• _EXERCISE REQUIREMENTS_:
In the material below, find the line containing "赛力斯表示,在全球化背景下,增强汽车产业" and the line containing "- Front load". Output those two lines and all lines between them exactly, without pictures.

• _GIVEN DATA_:
::::::::
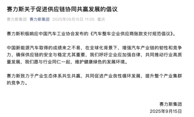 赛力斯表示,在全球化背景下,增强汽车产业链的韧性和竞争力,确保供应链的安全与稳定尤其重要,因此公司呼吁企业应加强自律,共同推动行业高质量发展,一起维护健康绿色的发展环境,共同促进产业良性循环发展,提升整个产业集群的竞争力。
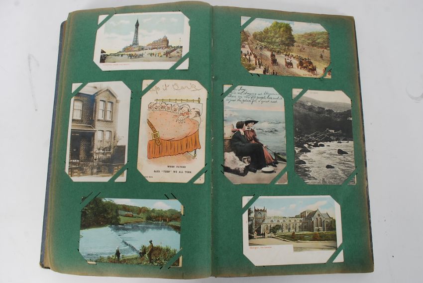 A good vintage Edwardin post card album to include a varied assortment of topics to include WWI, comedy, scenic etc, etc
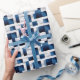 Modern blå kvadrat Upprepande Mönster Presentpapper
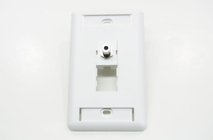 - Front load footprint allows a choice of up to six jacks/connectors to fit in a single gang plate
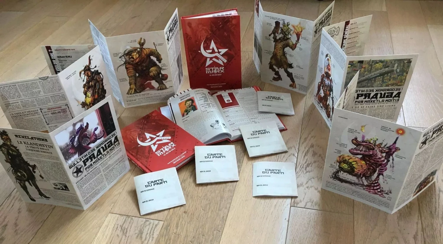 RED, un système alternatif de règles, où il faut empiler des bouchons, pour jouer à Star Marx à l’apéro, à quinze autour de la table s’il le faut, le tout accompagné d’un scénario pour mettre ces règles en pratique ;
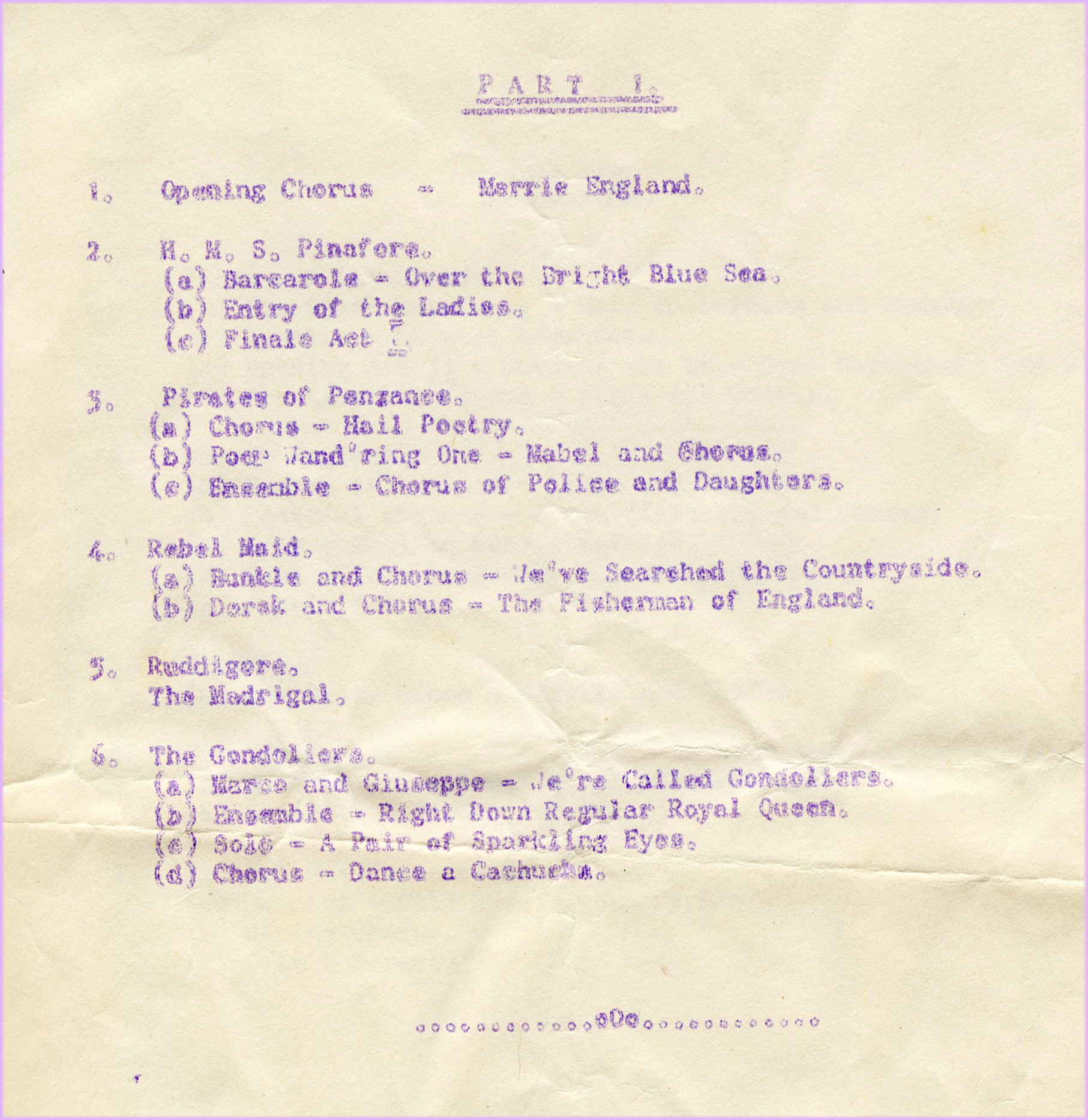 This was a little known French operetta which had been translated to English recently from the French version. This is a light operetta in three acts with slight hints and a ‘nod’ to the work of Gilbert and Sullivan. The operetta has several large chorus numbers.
::::::::
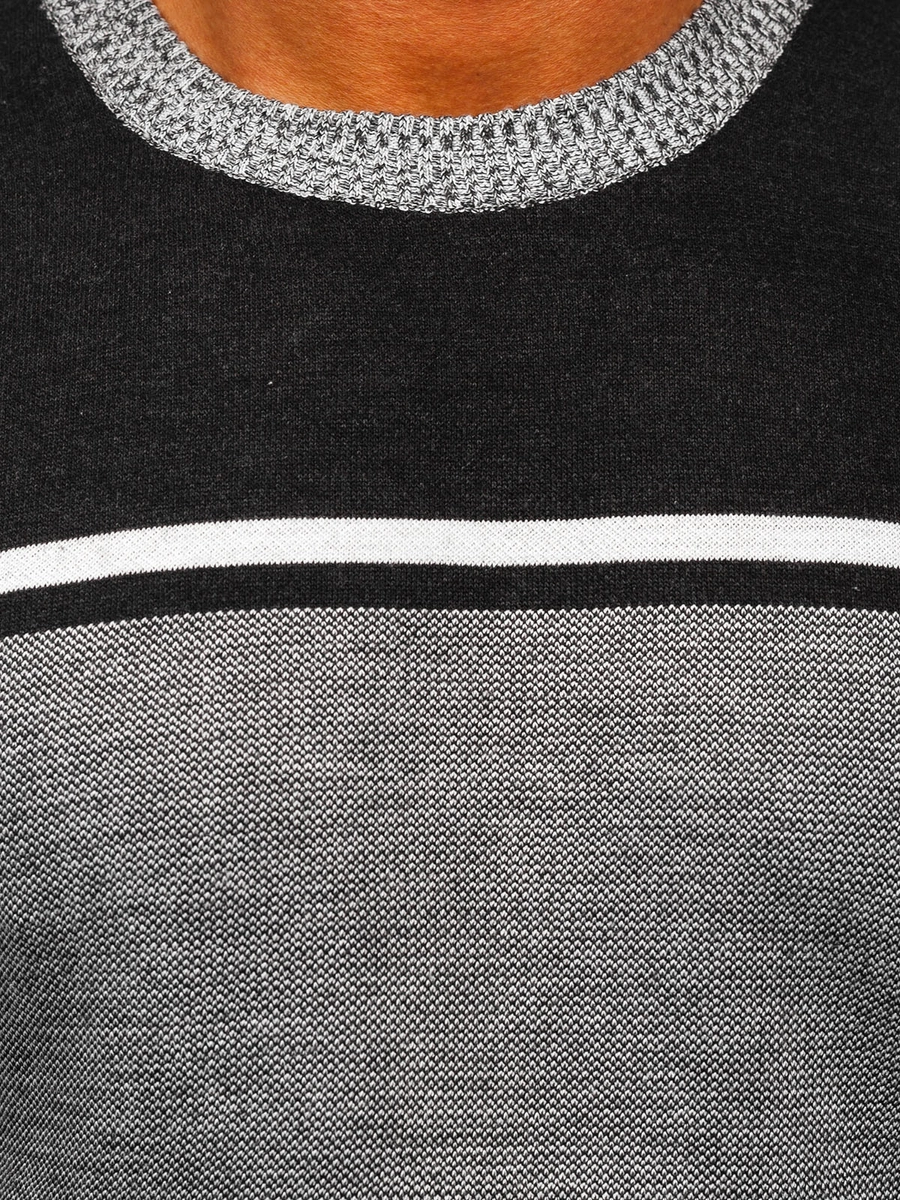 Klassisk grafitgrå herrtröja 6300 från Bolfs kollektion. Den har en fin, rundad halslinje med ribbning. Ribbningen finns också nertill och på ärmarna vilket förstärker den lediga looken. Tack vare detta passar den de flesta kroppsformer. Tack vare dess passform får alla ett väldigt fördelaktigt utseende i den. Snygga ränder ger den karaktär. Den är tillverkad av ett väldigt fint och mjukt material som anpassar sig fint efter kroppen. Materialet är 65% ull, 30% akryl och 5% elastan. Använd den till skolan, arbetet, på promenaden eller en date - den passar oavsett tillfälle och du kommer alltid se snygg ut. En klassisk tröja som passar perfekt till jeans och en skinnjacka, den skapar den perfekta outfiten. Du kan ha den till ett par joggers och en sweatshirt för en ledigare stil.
::::::::
• _WRITTEN RESPONSE_:
 赛力斯表示,在全球化背景下,增强汽车产业链的韧性和竞争力,确保供应链的安全与稳定尤其重要,因此公司呼吁企业应加强自律,共同推动行业高质量发展,一起维护健康绿色的发展环境,共同促进产业良性循环发展,提升整个产业集群的竞争力。
 A good vintage Edwardin post card album to include a varied assortment of topics to include WWI, comedy, scenic etc, etc
 Modern blå kvadrat Upprepande Mönster Presentpapper
 - Front load footprint allows a choice of up to six jacks/connectors to fit in a single gang plate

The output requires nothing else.